Using the material below, print the line that contains "Gambar Ilustrasi 1.1", the line that contains "Матецкая Е. Натюрморт с балалайкой", and every line in between, exactly and nothing else.

Available data START

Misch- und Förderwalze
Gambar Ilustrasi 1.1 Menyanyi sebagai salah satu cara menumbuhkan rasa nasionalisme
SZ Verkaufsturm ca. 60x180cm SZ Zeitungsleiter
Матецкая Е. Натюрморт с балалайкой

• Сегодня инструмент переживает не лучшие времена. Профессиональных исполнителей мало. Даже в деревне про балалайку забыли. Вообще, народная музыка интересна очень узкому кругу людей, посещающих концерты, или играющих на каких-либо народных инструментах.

Available data END
Available data START

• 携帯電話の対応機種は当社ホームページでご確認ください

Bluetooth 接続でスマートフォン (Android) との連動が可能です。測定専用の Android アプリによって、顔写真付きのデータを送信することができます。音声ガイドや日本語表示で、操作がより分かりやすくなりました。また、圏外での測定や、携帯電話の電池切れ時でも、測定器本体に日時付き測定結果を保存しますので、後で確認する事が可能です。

Available data END

• [Reply]:
Gambar Ilustrasi 1.1 Menyanyi sebagai salah satu cara menumbuhkan rasa nasionalisme
SZ Verkaufsturm ca. 60x180cm SZ Zeitungsleiter
Матецкая Е. Натюрморт с балалайкой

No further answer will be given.